Return the listing that follows exactly, with no pictures included.

Collected data

Segment Open

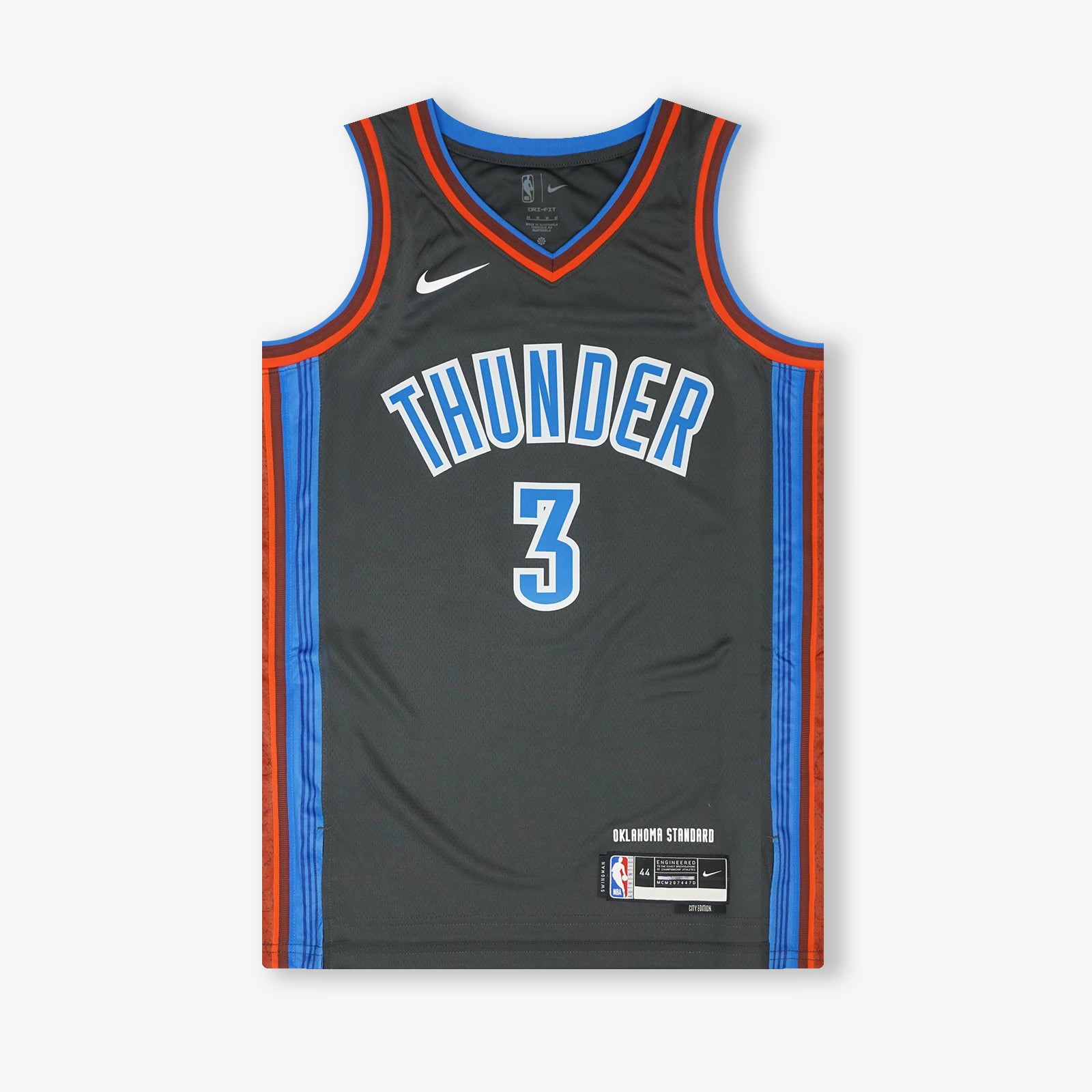 The "Thunder from Down Under", Josh Giddey. This season's Thunder City Edition design represents the collective experiences of what it means to be an Oklahoman. The use of THUNDER across the chest unifies the state, from the Red River to the plains to the panhandle.
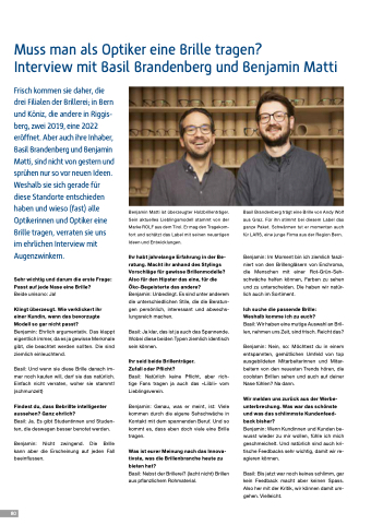 Frisch kommen sie daher, die drei Filialen der Brillerei; in Bern und Köniz, die andere in Riggis- berg, zwei 2019, eine 2022 eröffnet. Aber auch ihre Inhaber, Basil Brandenberg und Benjamin Matti, sind nicht von gestern und sprühen nur so vor neuen Ideen. Weshalb sie sich gerade für diese Standorte entschieden haben und wieso (fast) alle Optikerinnen und Optiker eine Brille tragen, verraten sie uns im ehrlichen Interview mit Augenzwinkern.
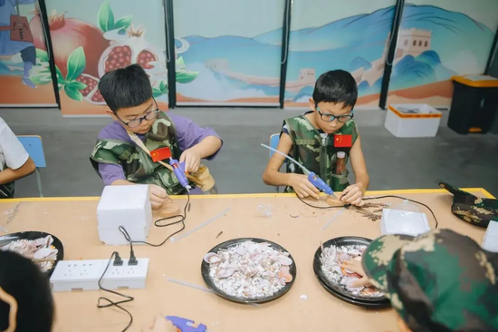 走进东海贝雕艺术博物馆,一幅幅贝雕艺术品映入眼帘,这些贝雕艺术品或陈列在木架上,或悬挂在墙壁上,给人以强烈的艺术视觉冲击。孩子们可以穿梭其间,观察这些贝雕艺术品。
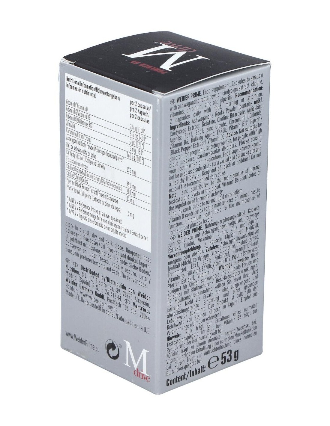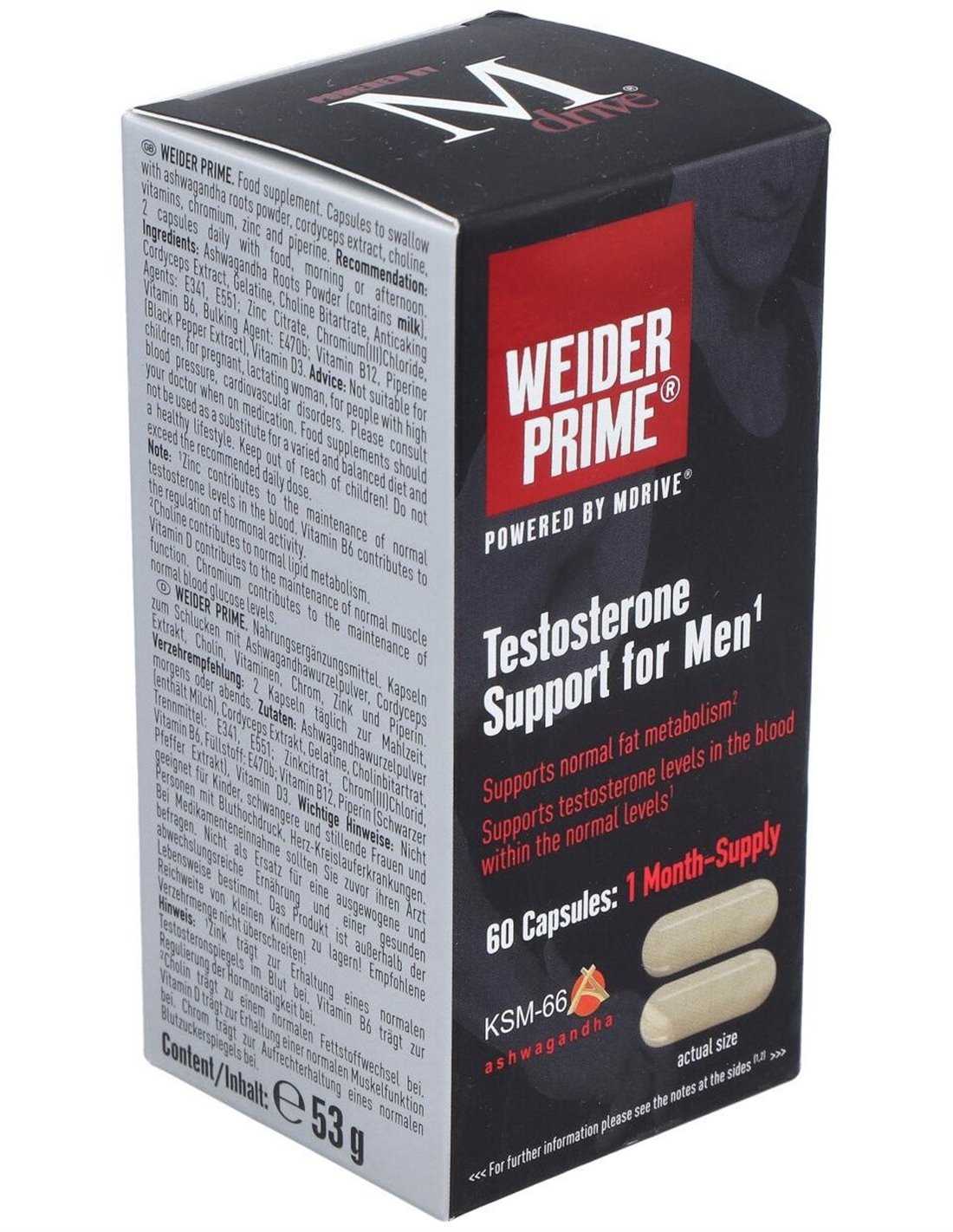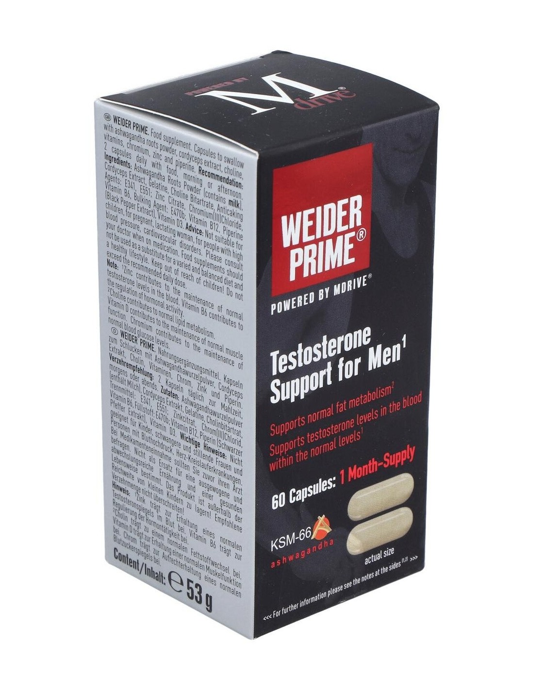 La testosterona es una hormona clave en el desarrollo y mantenimiento de la masa muscular, Weider Prime cuenta con una fórmula adecuada que ayuda a disminuir los efectos del estrés y los factores externos sobre la producción natural de testosterona y además proporciona los nutrientes necesarios en la producción de la misma.

Segment Closed

Task result
 The "Thunder from Down Under", Josh Giddey. This season's Thunder City Edition design represents the collective experiences of what it means to be an Oklahoman. The use of THUNDER across the chest unifies the state, from the Red River to the plains to the panhandle.
 Frisch kommen sie daher, die drei Filialen der Brillerei; in Bern und Köniz, die andere in Riggis- berg, zwei 2019, eine 2022 eröffnet. Aber auch ihre Inhaber, Basil Brandenberg und Benjamin Matti, sind nicht von gestern und sprühen nur so vor neuen Ideen. Weshalb sie sich gerade für diese Standorte entschieden haben und wieso (fast) alle Optikerinnen und Optiker eine Brille tragen, verraten sie uns im ehrlichen Interview mit Augenzwinkern.
 走进东海贝雕艺术博物馆,一幅幅贝雕艺术品映入眼帘,这些贝雕艺术品或陈列在木架上,或悬挂在墙壁上,给人以强烈的艺术视觉冲击。孩子们可以穿梭其间,观察这些贝雕艺术品。
 La testosterona es una hormona clave en el desarrollo y mantenimiento de la masa muscular, Weider Prime cuenta con una fórmula adecuada que ayuda a disminuir los efectos del estrés y los factores externos sobre la producción natural de testosterona y además proporciona los nutrientes necesarios en la producción de la misma.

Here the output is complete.